Thomas West, 9th Baron De La Warr and 6th Baron West (c. 1475 – 25 September 1554) was the eldest son of Thomas West, 8th Baron De La Warr, by his second wife, Elizabeth Mortimer, daughter of Sir Hugh Mortimer of Martley and Kyre Wyard, Worcestershire, by Eleanor Cornwall, daughter of Sir Edmund Cornwall.

==Life==
West married, before 24 August 1494, Elizabeth Bonville, daughter and co-heiress of John Bonville, esquire, of Shute, Devon, by Katherine Wingfield, daughter of Sir Robert Wingfield, but had no issue by her. He succeeded to his titles at the age of 50. He was made Knight of the Garter in 1549 after having fought in France.

==Death and inheritance==
West died 25 September 1554 at his home at Offington, Sussex, and was buried 10 October at Broadwater. The diarist Henry Machyn recorded his funeral, describing him as "the best house-keeper in Sussex".

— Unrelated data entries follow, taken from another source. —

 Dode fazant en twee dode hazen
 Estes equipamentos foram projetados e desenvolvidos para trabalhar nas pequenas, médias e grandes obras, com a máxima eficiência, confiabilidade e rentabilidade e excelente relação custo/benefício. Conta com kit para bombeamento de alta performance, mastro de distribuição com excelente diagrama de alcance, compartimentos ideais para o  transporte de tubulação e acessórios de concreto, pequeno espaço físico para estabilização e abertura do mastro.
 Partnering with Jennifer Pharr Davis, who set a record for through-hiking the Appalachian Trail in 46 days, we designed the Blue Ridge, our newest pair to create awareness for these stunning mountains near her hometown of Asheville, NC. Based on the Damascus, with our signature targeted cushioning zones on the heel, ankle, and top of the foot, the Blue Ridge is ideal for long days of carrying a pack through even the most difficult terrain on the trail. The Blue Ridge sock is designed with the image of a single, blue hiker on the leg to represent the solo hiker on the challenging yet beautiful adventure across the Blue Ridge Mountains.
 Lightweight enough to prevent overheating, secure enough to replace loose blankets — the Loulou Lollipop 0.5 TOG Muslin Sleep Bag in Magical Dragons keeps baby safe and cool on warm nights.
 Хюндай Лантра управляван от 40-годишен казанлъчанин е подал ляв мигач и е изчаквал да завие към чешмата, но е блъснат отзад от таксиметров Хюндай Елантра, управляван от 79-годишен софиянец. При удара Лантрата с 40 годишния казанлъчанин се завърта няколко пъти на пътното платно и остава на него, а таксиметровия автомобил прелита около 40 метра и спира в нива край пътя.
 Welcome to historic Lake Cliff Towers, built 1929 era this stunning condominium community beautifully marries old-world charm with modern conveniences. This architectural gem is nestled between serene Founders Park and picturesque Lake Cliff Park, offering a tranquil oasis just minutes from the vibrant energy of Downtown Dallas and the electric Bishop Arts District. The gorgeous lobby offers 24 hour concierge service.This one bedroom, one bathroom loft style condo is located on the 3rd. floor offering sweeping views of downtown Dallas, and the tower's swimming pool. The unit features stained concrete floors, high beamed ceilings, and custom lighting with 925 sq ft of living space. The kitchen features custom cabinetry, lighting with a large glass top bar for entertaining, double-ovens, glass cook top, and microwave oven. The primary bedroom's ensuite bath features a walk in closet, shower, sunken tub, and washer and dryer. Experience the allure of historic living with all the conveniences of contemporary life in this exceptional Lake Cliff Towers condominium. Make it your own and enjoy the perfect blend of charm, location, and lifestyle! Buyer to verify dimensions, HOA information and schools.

At his death, the baronies of West and De La Warr both "fell into abeyance, according to modern doctrine", between the two daughters and co-heirs of his half-brother, Sir Owen West (d. 18 July 1551), eldest son of his father's third marriage to Eleanor Copley. Sir Owen West married Mary Guildford, daughter of George Guildford, esquire, second son of Sir Richard Guildford, by whom he had two daughters: Mary West, who married firstly Sir Adrian Poynings (d. 15 February 1570), and secondly, as his second wife, Sir Richard Rogers (died c.1605); and Anne West.

According to Cokayne:

A new barony of de la Warr was subsequently conferred on the heir male (who was not the heir general), William West, 1st Baron De La Warr, whose son Thomas was allowed the precedence of the ancient Barony of la Warre.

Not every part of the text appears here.